DATA SHOWN:
========

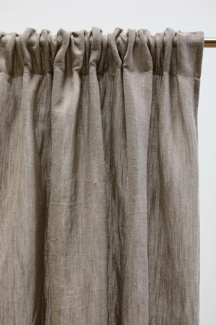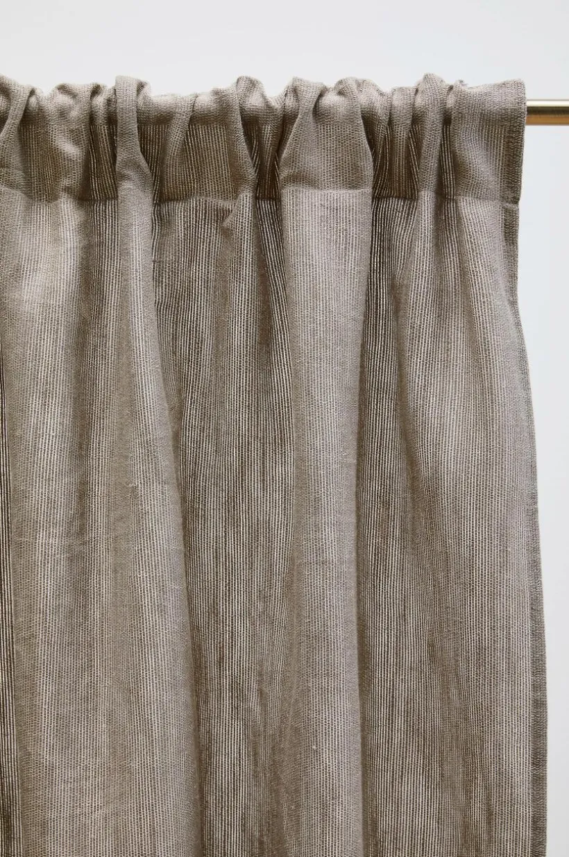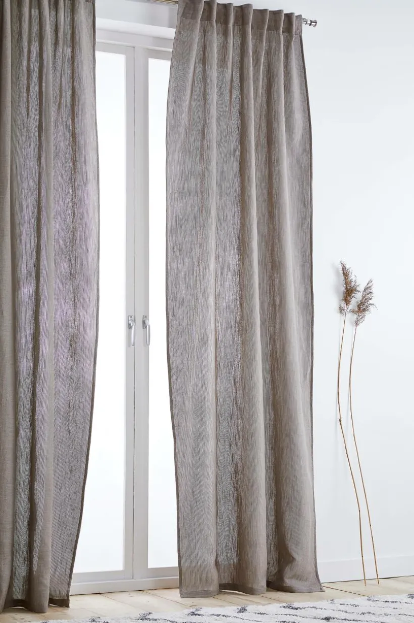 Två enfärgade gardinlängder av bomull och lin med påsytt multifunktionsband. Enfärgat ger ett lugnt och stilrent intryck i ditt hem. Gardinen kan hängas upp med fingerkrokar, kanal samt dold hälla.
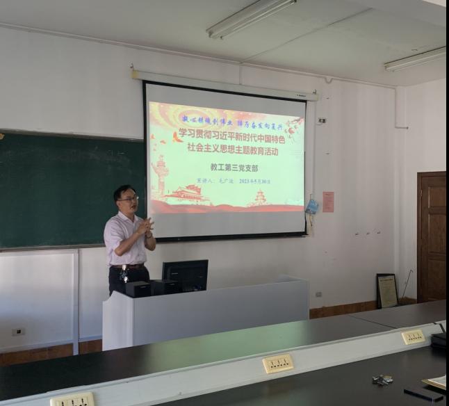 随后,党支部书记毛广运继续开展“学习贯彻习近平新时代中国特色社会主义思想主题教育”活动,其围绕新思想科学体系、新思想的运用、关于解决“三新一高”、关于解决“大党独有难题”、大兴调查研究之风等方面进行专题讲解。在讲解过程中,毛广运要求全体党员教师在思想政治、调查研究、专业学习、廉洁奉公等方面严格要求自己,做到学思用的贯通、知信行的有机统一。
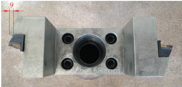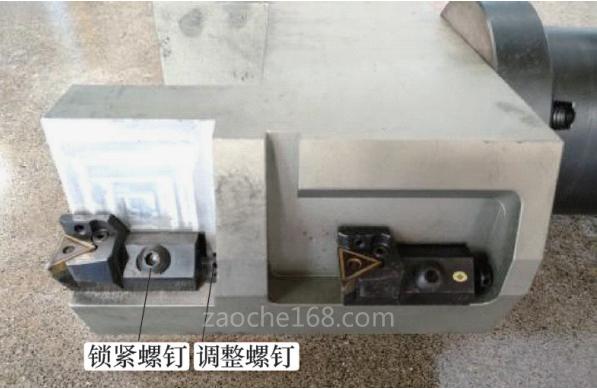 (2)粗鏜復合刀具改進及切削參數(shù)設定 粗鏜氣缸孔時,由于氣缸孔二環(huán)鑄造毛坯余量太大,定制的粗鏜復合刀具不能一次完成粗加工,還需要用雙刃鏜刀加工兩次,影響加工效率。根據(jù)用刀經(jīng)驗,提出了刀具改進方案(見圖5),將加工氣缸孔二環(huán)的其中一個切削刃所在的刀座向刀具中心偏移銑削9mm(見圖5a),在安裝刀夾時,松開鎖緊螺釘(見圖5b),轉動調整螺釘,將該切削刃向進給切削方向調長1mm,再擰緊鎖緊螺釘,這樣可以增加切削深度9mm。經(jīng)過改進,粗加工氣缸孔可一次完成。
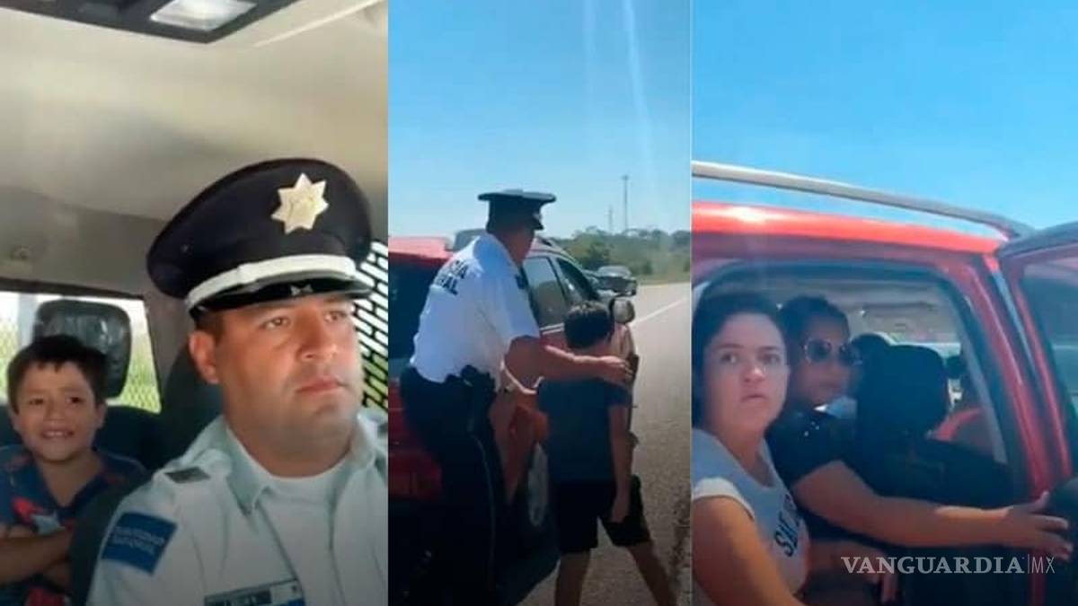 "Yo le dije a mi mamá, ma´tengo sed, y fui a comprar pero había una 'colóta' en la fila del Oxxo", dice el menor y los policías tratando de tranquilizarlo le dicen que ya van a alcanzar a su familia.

========

EXERCISE GOAL: What you give back should be the full material above, retyped exactly, with every image removed.

ANSWER TO THE PROBLEM:
 Två enfärgade gardinlängder av bomull och lin med påsytt multifunktionsband. Enfärgat ger ett lugnt och stilrent intryck i ditt hem. Gardinen kan hängas upp med fingerkrokar, kanal samt dold hälla.
 随后,党支部书记毛广运继续开展“学习贯彻习近平新时代中国特色社会主义思想主题教育”活动,其围绕新思想科学体系、新思想的运用、关于解决“三新一高”、关于解决“大党独有难题”、大兴调查研究之风等方面进行专题讲解。在讲解过程中,毛广运要求全体党员教师在思想政治、调查研究、专业学习、廉洁奉公等方面严格要求自己,做到学思用的贯通、知信行的有机统一。
 (2)粗鏜復合刀具改進及切削參數(shù)設定 粗鏜氣缸孔時,由于氣缸孔二環(huán)鑄造毛坯余量太大,定制的粗鏜復合刀具不能一次完成粗加工,還需要用雙刃鏜刀加工兩次,影響加工效率。根據(jù)用刀經(jīng)驗,提出了刀具改進方案(見圖5),將加工氣缸孔二環(huán)的其中一個切削刃所在的刀座向刀具中心偏移銑削9mm(見圖5a),在安裝刀夾時,松開鎖緊螺釘(見圖5b),轉動調整螺釘,將該切削刃向進給切削方向調長1mm,再擰緊鎖緊螺釘,這樣可以增加切削深度9mm。經(jīng)過改進,粗加工氣缸孔可一次完成。
 "Yo le dije a mi mamá, ma´tengo sed, y fui a comprar pero había una 'colóta' en la fila del Oxxo", dice el menor y los policías tratando de tranquilizarlo le dicen que ya van a alcanzar a su familia.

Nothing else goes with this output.